## Saved data entries
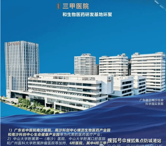 医疗:3公里范围内汇聚中山大学附属第一(南沙)医院、广东省中医院南沙医院等3家三甲医院,1.5公里内还有南沙区第一人民医院,医疗资源密集且优质。
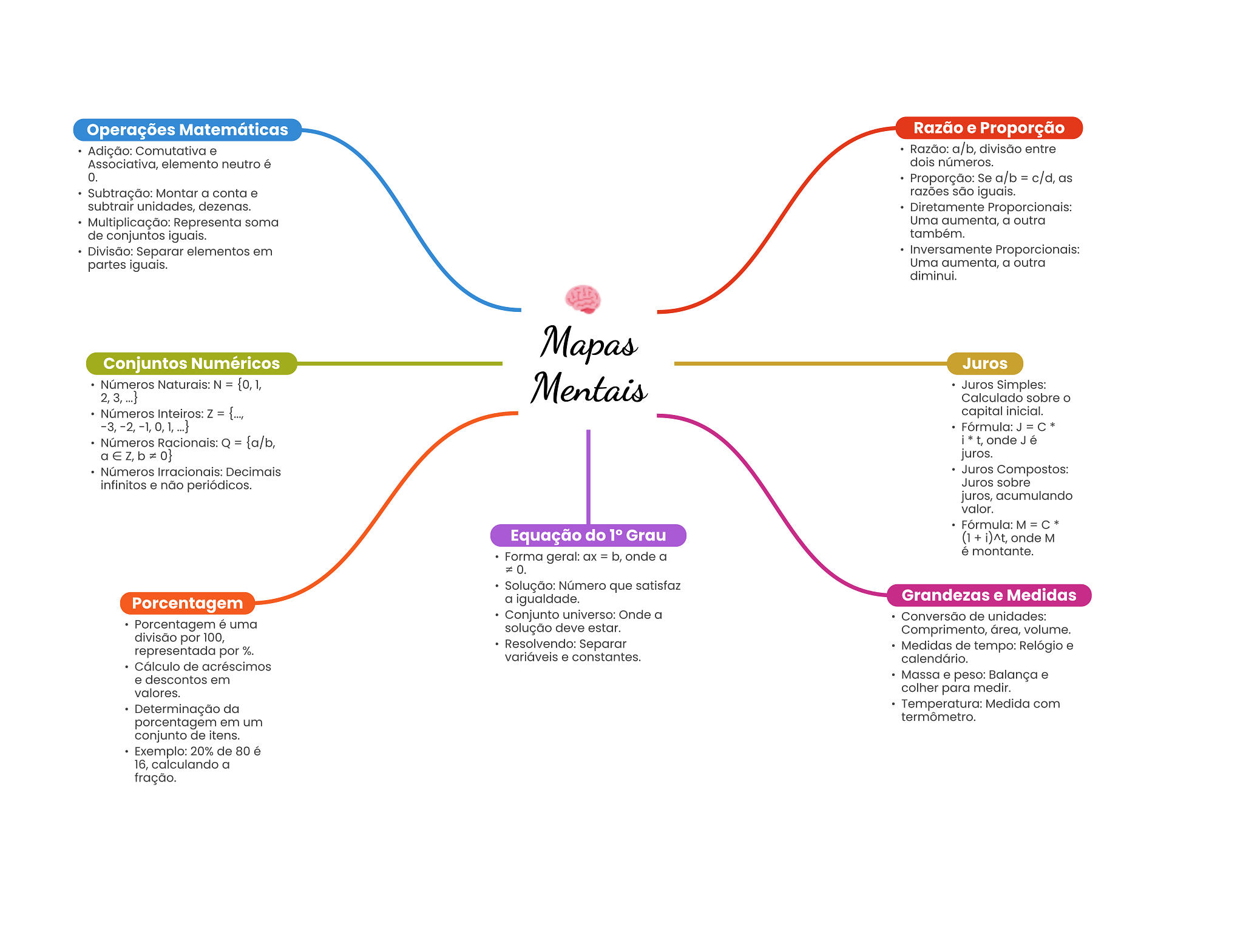Operações Matemáticas Razão e Proporção Adição: Comutativa e Razão: a/b, divisão entre Associativa, elemento neutro é dois números. 0. Proporção: Se a/b = c/d, as Subtração: Montar a conta e razões são iguais. subtrair unidades, dezenas. Diretamente Proporcionais: Multiplicação: Representa soma Uma aumenta, a outra de conjuntos iguais. também. Divisão: Separar elementos em Inversamente Proporcionais: partes iguais. Uma aumenta, a outra diminui. Mapas Conjuntos Numéricos Juros Números Naturais: N = {0,1, Mentais Juros Simples: Calculado sobre O Números Inteiros: Z = {..., capital inicial. Fórmula: J = C* Números Racionais: Q = {a/b, t, onde Jé juros. Números Irracionais: Decimais Juros Compostos: infinitos e não periódicos. Juros sobre juros, acumulando valor. Fórmula: M = Equação do 1° Grau + i)^t, onde M é montante. Forma geral: = b, onde a = 0. Solução: Número que satisfaz a igualdade. Grandezas e Medidas Porcentagem Conjunto universo: Onde a Conversão de unidades: Porcentagem é uma solução deve estar. Comprimento, área, volume. divisão por 100, Resolvendo: Separar representada por %. Medidas de tempo: Relógio e variáveis e constantes. calendário. Cálculo de acréscimos e descontos em Massa e peso: Balança e valores. colher para medir. Determinação da Temperatura: Medida com termômetro. porcentagem em um conjunto de itens. Exemplo: 20% de 80 é 16, calculando a fração.
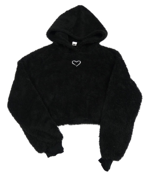Černá chlupatá crop mikina se srdcem a kapucí Shein
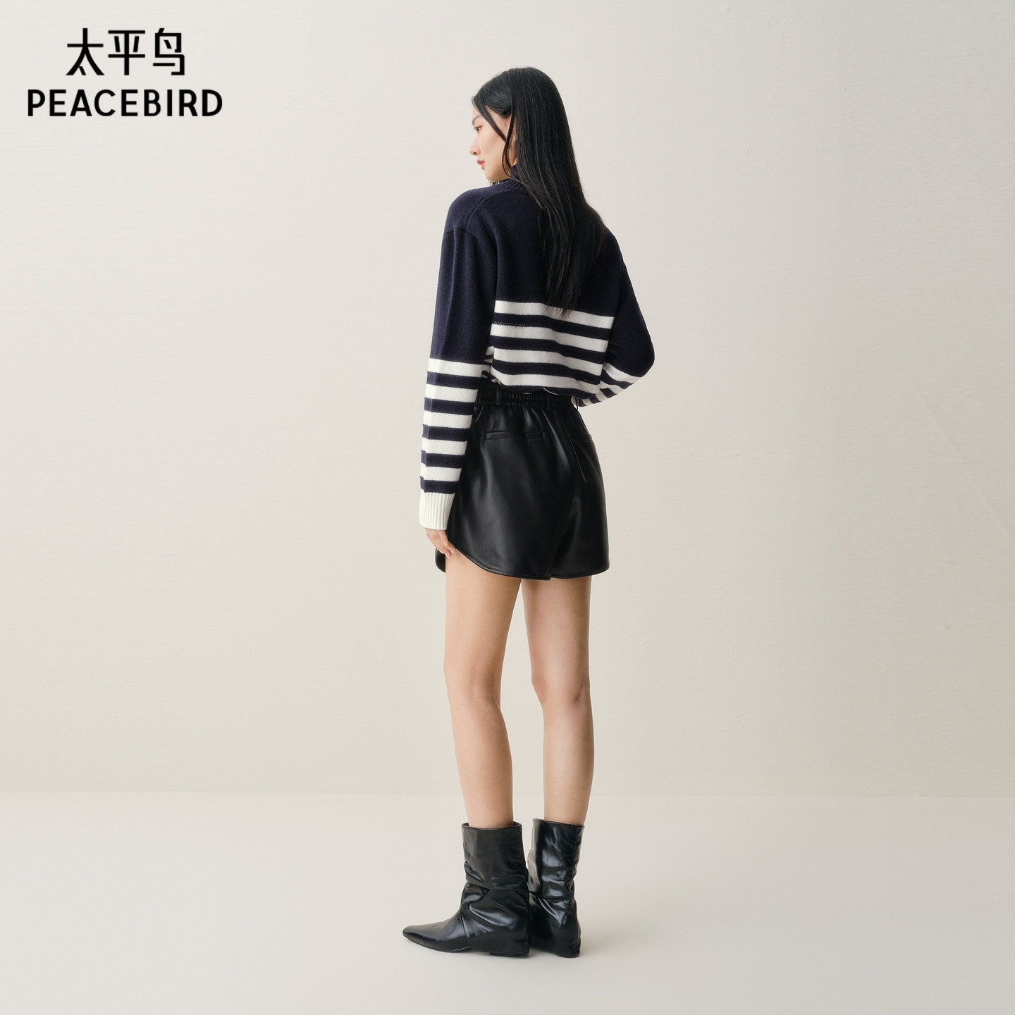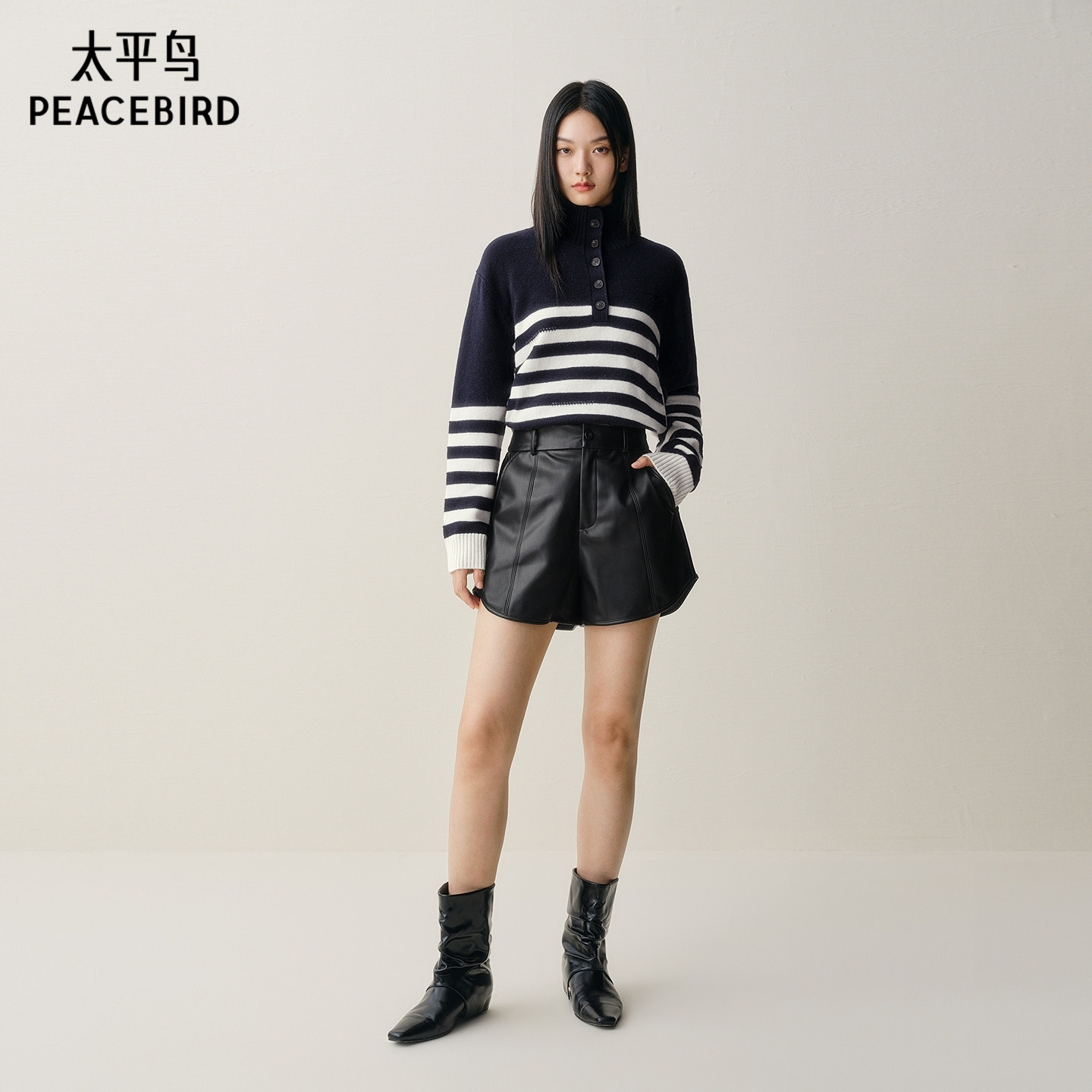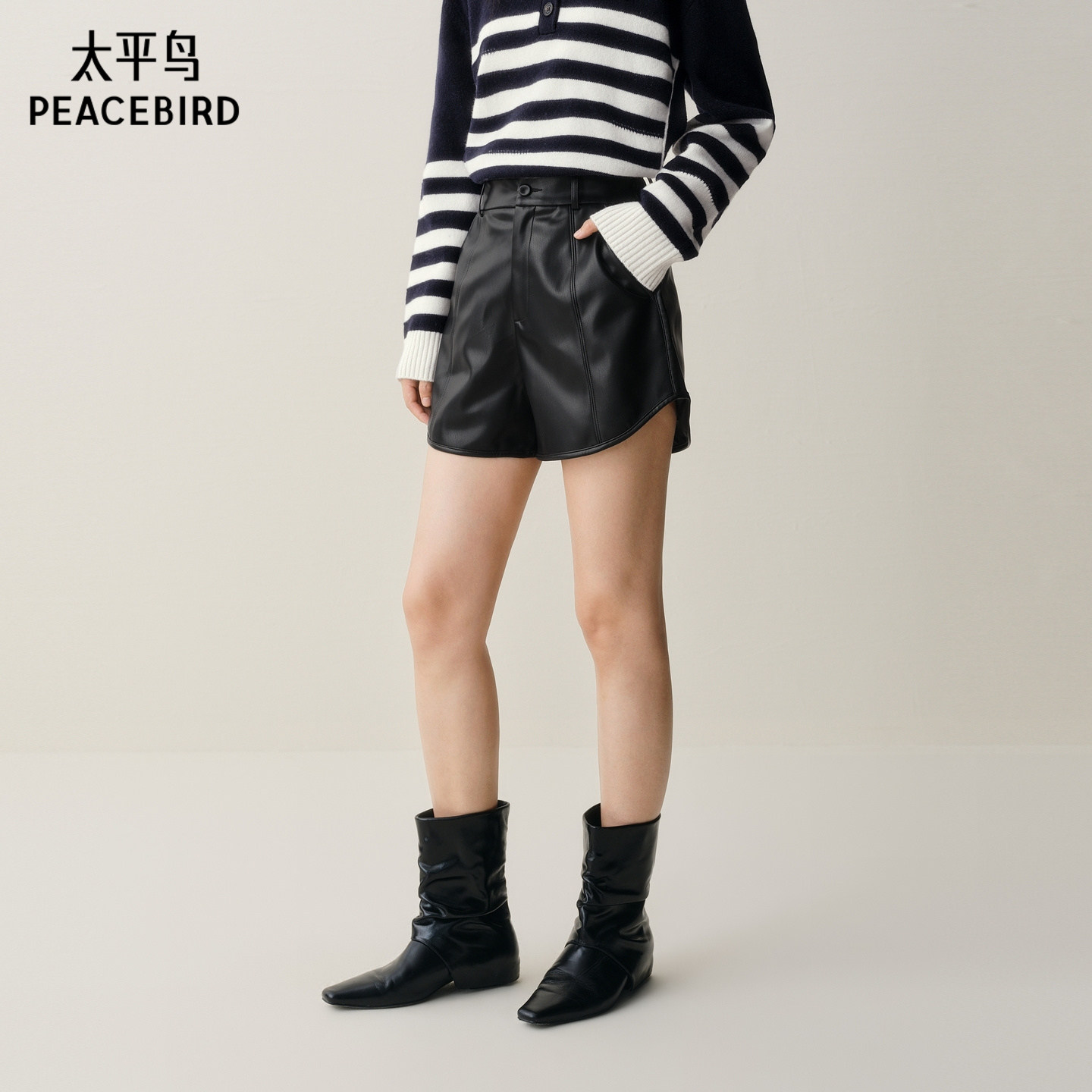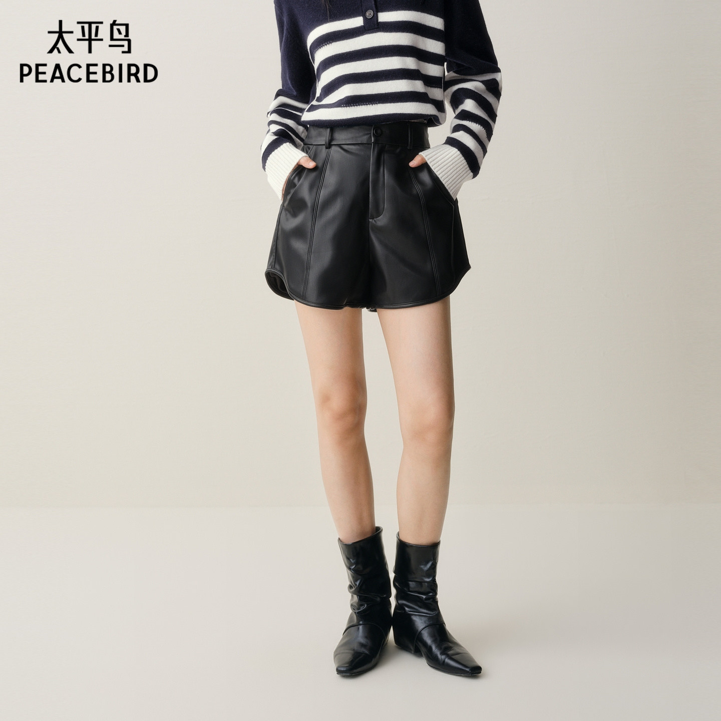 太平鸟黑色PU短裤设计感品质高腰宽松休闲裤PU短裤女A1GCE416Y
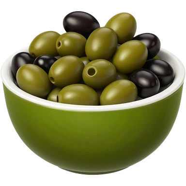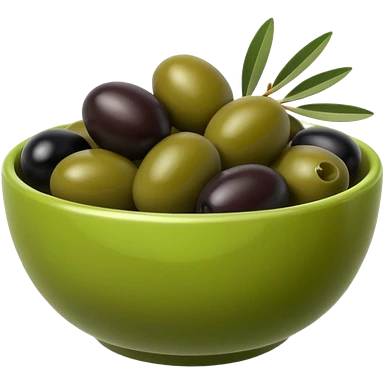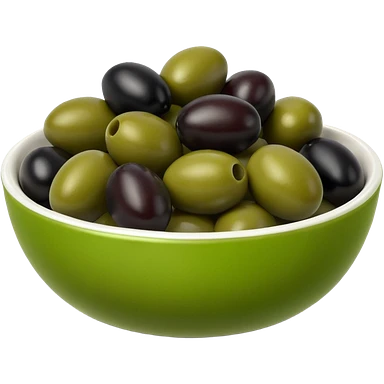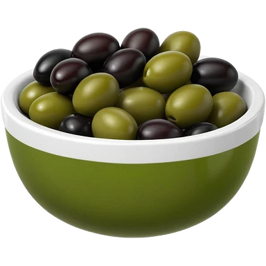 olives object icon, black and green olives in a small bowl, glossy look, 3D cartoon, mobile game icon style, clean background, no text, no watermark emoji

## What is being asked
Give all the entries again exactly, dropping each picture.

## Solution
 医疗:3公里范围内汇聚中山大学附属第一(南沙)医院、广东省中医院南沙医院等3家三甲医院,1.5公里内还有南沙区第一人民医院,医疗资源密集且优质。
Operações Matemáticas Razão e Proporção Adição: Comutativa e Razão: a/b, divisão entre Associativa, elemento neutro é dois números. 0. Proporção: Se a/b = c/d, as Subtração: Montar a conta e razões são iguais. subtrair unidades, dezenas. Diretamente Proporcionais: Multiplicação: Representa soma Uma aumenta, a outra de conjuntos iguais. também. Divisão: Separar elementos em Inversamente Proporcionais: partes iguais. Uma aumenta, a outra diminui. Mapas Conjuntos Numéricos Juros Números Naturais: N = {0,1, Mentais Juros Simples: Calculado sobre O Números Inteiros: Z = {..., capital inicial. Fórmula: J = C* Números Racionais: Q = {a/b, t, onde Jé juros. Números Irracionais: Decimais Juros Compostos: infinitos e não periódicos. Juros sobre juros, acumulando valor. Fórmula: M = Equação do 1° Grau + i)^t, onde M é montante. Forma geral: = b, onde a = 0. Solução: Número que satisfaz a igualdade. Grandezas e Medidas Porcentagem Conjunto universo: Onde a Conversão de unidades: Porcentagem é uma solução deve estar. Comprimento, área, volume. divisão por 100, Resolvendo: Separar representada por %. Medidas de tempo: Relógio e variáveis e constantes. calendário. Cálculo de acréscimos e descontos em Massa e peso: Balança e valores. colher para medir. Determinação da Temperatura: Medida com termômetro. porcentagem em um conjunto de itens. Exemplo: 20% de 80 é 16, calculando a fração.
Černá chlupatá crop mikina se srdcem a kapucí Shein
 太平鸟黑色PU短裤设计感品质高腰宽松休闲裤PU短裤女A1GCE416Y
 olives object icon, black and green olives in a small bowl, glossy look, 3D cartoon, mobile game icon style, clean background, no text, no watermark emoji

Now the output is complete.